On one final note here, in times of COVID and the strange year that 2020 has begun, we have all been spending more time at home. For me, that means being alone, in my apartment, without contact with many other people. This has definitely meant vulnerability in friendship to me because I am not sure who are the people I can reach out to and who doesn’t have the time to hear from me any more. However, I am more successful than not when reaching out to friends around the world and have been able to celebrate our reconnecting. Even though it feels scary at times to take the first step, when it works out, it also feels so nice.

Vulnerability in my health:

Earlier this week we shared a post on online therapy and that hit close to home because my personal health (both mental and physical) is a really important point to me right now, even if it doesn’t always feel like it is taking priority. I recognize that I have anxious tendencies and when life gets complicated some of the issues I face are anxiety and not sleeping well. To mitigate these feelings I try to do things like daily yoga, gratitude exercises, and get out of my own head by reading or listening to podcasts about other people’s stories. In addition, I always say that my therapy is playing sports or exercising. I even started running alone now that it looks like we won’t be able to do much in the way of team sports for awhile here in Helsinki.

However, I also recognize that my health is vulnerable. While my normal practices usually are enough to keep me happy and upbeat, these days I don’t always feel that same energy. Sure, the world is in a hard place for everyone right now, but that doesn’t always make it easier to get outside of my own head and take actions where I can. This is one of the reasons that I think the guest post we shared earlier this week is such a nice addition to our articles on mental health—I am not afraid of asking help from professionals when I think I need it and I don’t think you should be either!

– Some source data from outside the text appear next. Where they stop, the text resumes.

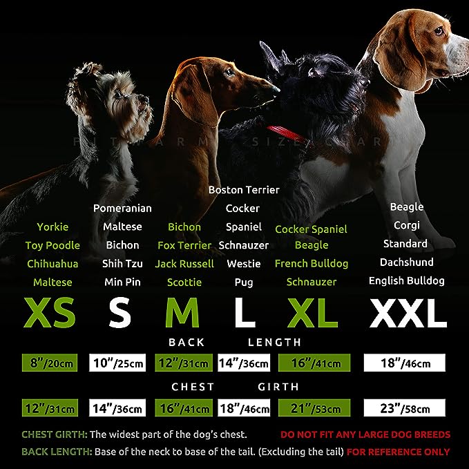- FOR SMALL DOG BREEDS. Please priority follows the chest size. Size Medium, fits 12" back, 16" chest. Recommended for: Bichon Frise, Shih Tzu, Havanese, Fox Terrier, Jack Russell, Scottie, Pug, Poodle, Miniature Dachshund, Italian Greyhound, Westie, Boston Terrier, Maltipoo and Cavalier King Charles Spaniel.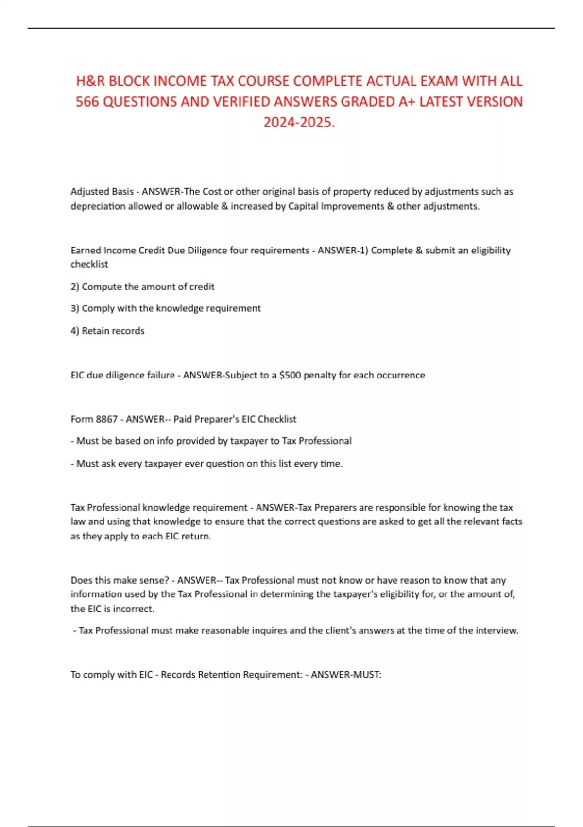 H&R BLOCK INCOME TAX COURSE COMPLETE ACTUAL EXAM WITH ALL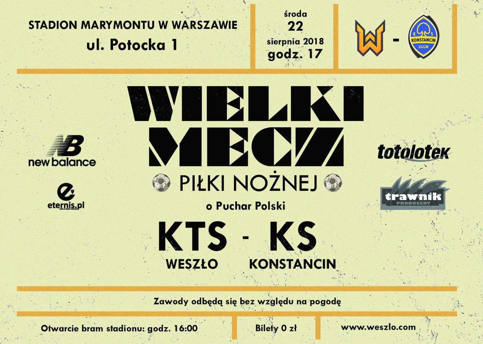 Już dziś o godzinie 17.00, na stadionie OSiR Żoliborz przy Potockiej 1, Klub Towarzysko-Sportowy Weszło rozegra swój pierwszy oficjalny mecz o punkty. Rywalem w drugiej rundzie okręgowego Pucharu Polski (w pierwszej walkowera oddał OKS Otwock) będzie KS Konstancin, a więc zespół warszawskiej okręgówki.

If I could share one thing I have re-learned over the past couple of weeks is that you are worth the investment. Oftentimes, we are really focused on everything else around us that we end up with so little to give back to ourselves. Whether it is going for a run and cooking a healthy dinner or taking a bath with a glass of wine, taking time for ourselves isn’t only nice, it is often essential to be able to do our other jobs in life.

Vulnerability in travel:

Like many others, I will not be going home to see my family this year. It is not the first year I have chosen (because, in all honesty, it was my choice) to spend the holidays away from my family, but this year is different. Even though my family would have supported the decision to go to see them for a couple of weeks, I decided to stay in Finland. Right now, I just don’t feel comfortable traveling. The situation isn’t ideal, but I cannot change it, I can only change my reaction and, so, I am trying to be positive about what I can do here.

In the above cases, I talk about vulnerability in friendship and vulnerability in my health as things to continue working on; however, in this case, vulnerability in travel means I will give up travel for now. It wasn’t an easy choice, especially considering that after the year we’ve all had, we all want some comfort food and time with the people we love. At the same time, this is the active choice I am taking and, although I don’t think it is the only right choice, it is the right one for me.

I guess, all of this is to say, if you feel vulnerable right now, please don’t feel alone. Being vulnerable and recognizing your vulnerability is not something to be ashamed of either, no matter what society might tell you. Remember that everyone feels vulnerability, even if they don’t want to share it.

If you ever feel like you need to talk, please know we are here.